### DIRECTIONS FOR THIS TASK
The following data needs to be repeated exactly, with all images excluded.

### DATA EXTRACT

● ● ● ● ● ● ●

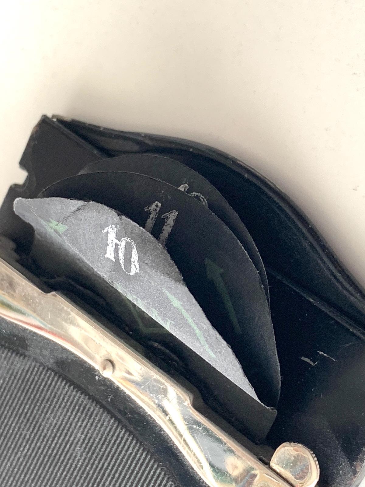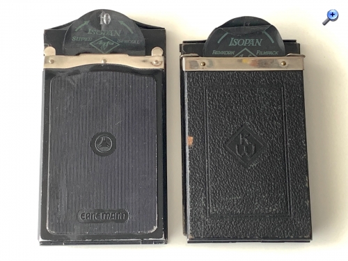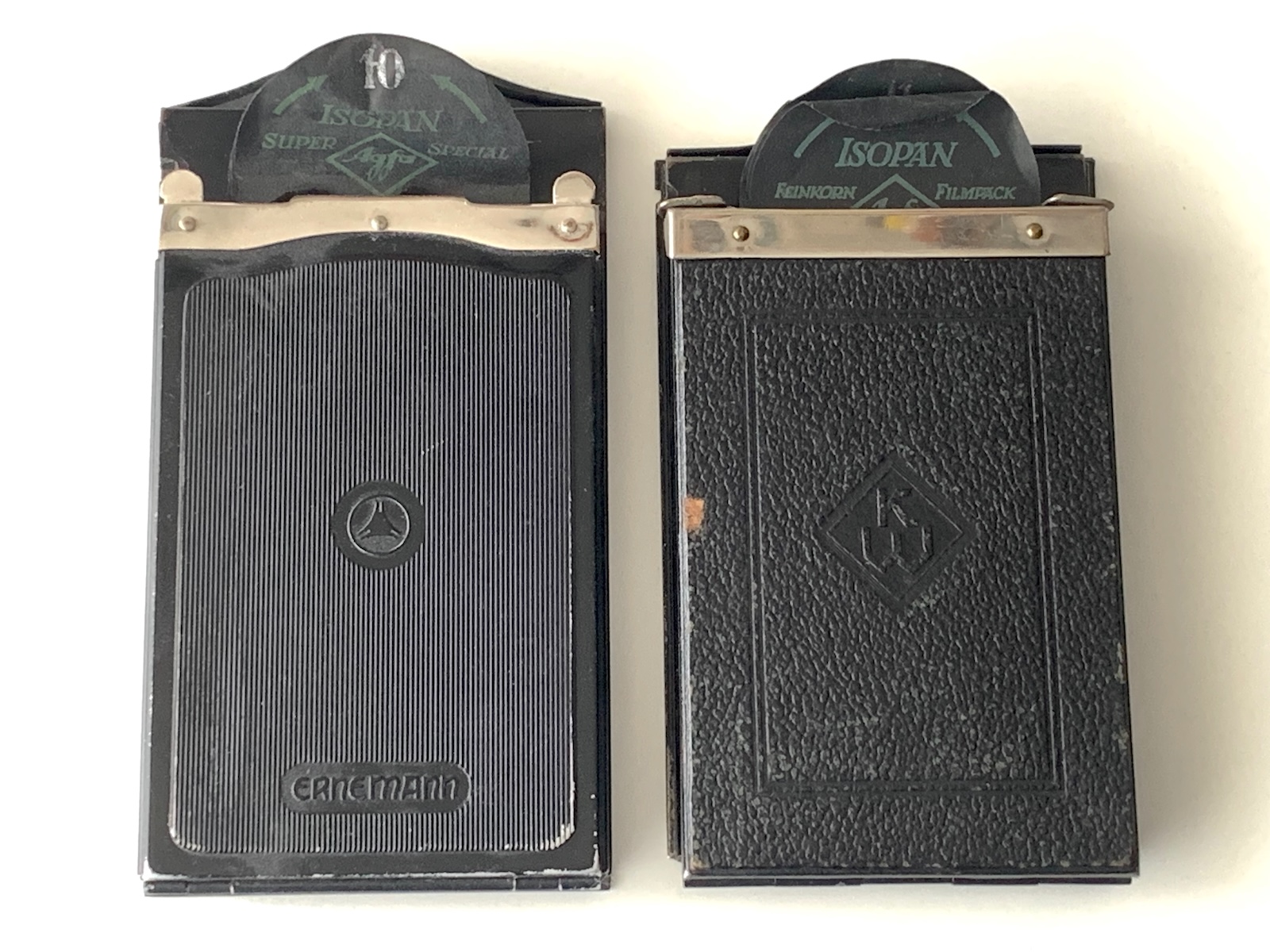 Hier zwei noch gefüllte Filmpackkassetten 6,5x9 (links Ernemann, rechts KW Patent-Etui). Man erkennt die erwähnten Laschen, mit denen der Wechsel des Filmblattes vorgenommen wird. In beiden Kassetten stehen noch die Filme 10–12 zur Verfügung.
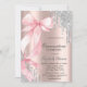 Invitación Pink Bow Silver Glitter Drips Rose GoldQuinceañera
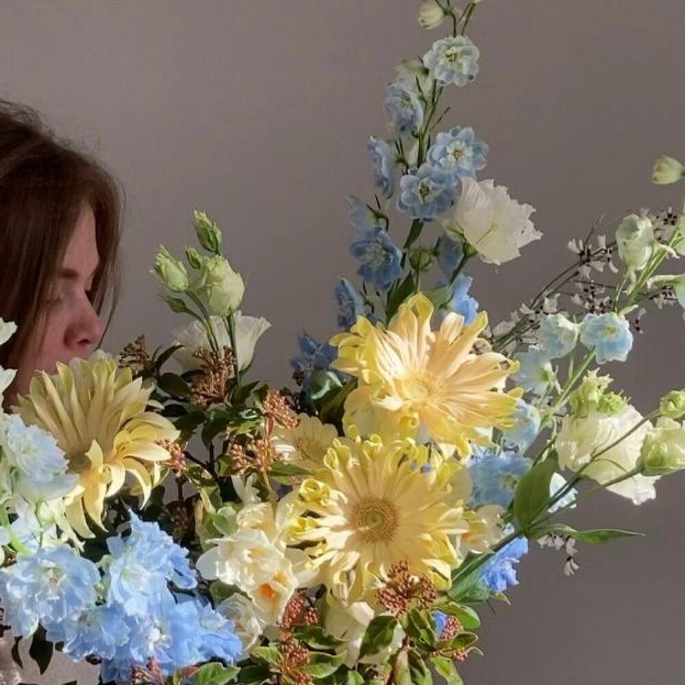 Букет с нарциссами, дельфиниумом и кудрявой герберой

● ● ● ● ● ● ●

### REPLY
 Hier zwei noch gefüllte Filmpackkassetten 6,5x9 (links Ernemann, rechts KW Patent-Etui). Man erkennt die erwähnten Laschen, mit denen der Wechsel des Filmblattes vorgenommen wird. In beiden Kassetten stehen noch die Filme 10–12 zur Verfügung.
 Invitación Pink Bow Silver Glitter Drips Rose GoldQuinceañera
 Букет с нарциссами, дельфиниумом и кудрявой герберой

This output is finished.